ANTONIO PALOCCI – ex-ministro da Fazenda e da Casa Civil, respectivamente nos governos Lula e Dilma, está preso e é réu por lavagem de dinheiro e corrupção passiva e ativa. É apontado como captador para as campanhas do PT e teria facilitado a tramitação de leis que beneficiaram bancos e outros setores. É peça-chave para decifrar o caminho do dinheiro que a Odebrecht destinava ao ex-presidente Lula. Seria ele quem operava a “conta amigo”, reservada ao ex-presidente. Era o elo do PT com o o mercado financeiro.
GUIDO MANTEGA – ex-ministro da Fazenda dos governos Lula e Dilma Rousseff, preso e solto no mesmo dia em 2016, é acusado pelo dono da JBS de ter distribuído propina da empresa para parlamentares petistas. Também é acusado de ter pedido R$ 5 milhões a Eike Batista para saldar dívidas de campanha. Teria demonstrado disposição em detalhar como funcionavam os vários esquemas de caixa dois das campanhas petistas, incluindo as campanhas presidenciais de Dilma Rousseff.
RENATO DUQUE – ex-diretor de engenharia e serviços da Petrobras, preso em novembro de 2014, solto e novamente preso em março de 2015. Recebia propina das empresas que mantinham contratos com a área de serviços da Petrobras. Era considerado o elo do PT no esquema de corrupção desvendado na Lava Jato. Pode detalhar o caminho dessa propina paga pelas empresas que contratavam com sua diretoria. Duque era considerado um diretor da cota do PT e promete delatar Lula.
HENRIQUE CONSTANTINO – um dos donos da Gol Linhas Aéreas e de outras empresas. Ainda não está preso. Teria subornado políticos do PMDB, incluindo o ex-deputado Eduardo Cunha, para conseguir financiamento do Fundo de Investimentos do FGTS para a Via Rondon, uma de suas empresas. Já contou aos procuradores episódio em que pagou uma propina de R$ 10 milhões de propina a Eduardo Cunha, Lúcio Funaro e à campanha de Gabriel Chalita à Prefeitura de São Paulo
LÉO PINHEIRO – ex-presidente da OAS, empreiteira implicada na Lava Jato, foi preso em 2014 e 2016, por ter distribuído propina a diretores da Petrobras, agentes públicos e políticos para obter e manter contratos com a Petrobras. Também é investigado, por exemplo, por desvios em estádios da Copa. Executivos e acionistas da empreiteira pretendem detalhar aos procuradores pagamentos de propinas a políticos, membros dos fundos de pensão e membros do Judiciário.

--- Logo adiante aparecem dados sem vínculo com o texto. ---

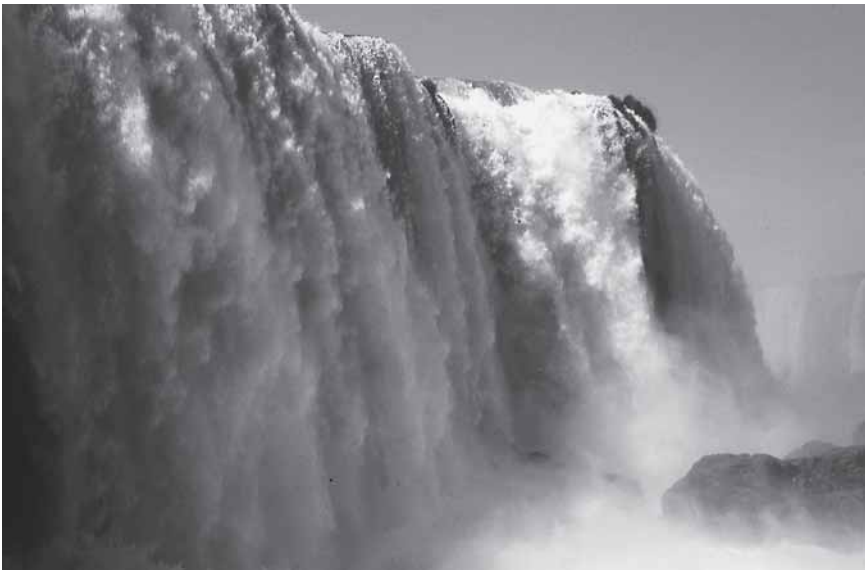
Imposant: Die Iguazú-Wasserfälle an der Grenze zu Brasilien stürzen über 70 Meter in die Tiefe.

bibliothek (siehe Beitrag auf Seite 485). Eingebunden sind aber auch einige der rund 2 000 Öffentlichen Bibliotheken, die es in Argentinien gibt, sowie die »Fundación El Libro«, eine Stiftung, die unter anderem die Buchmesse in Buenos Aires (siehe Kasten auf Seite 479) auf die Beine stellt.

OUTRAS EMPREITEIRAS – A Andrade Gutierrez e Camargo Corrêa, empreiteiras flagradas pagando a políticos e diretores da Petrobras, já fecharam acordo de delação premiada admitindo o pagamento de propina a políticos e agentes públicos no âmbito da Lava jato. Apesar desses acordos, agora vão ampliar os temas que revelaram. Estão refazendo os depoimentos aos procuradores. A Andrade relata suborno em troca de contratos no setor elétrico. A Camargo, propinas em obras em de São Paulo.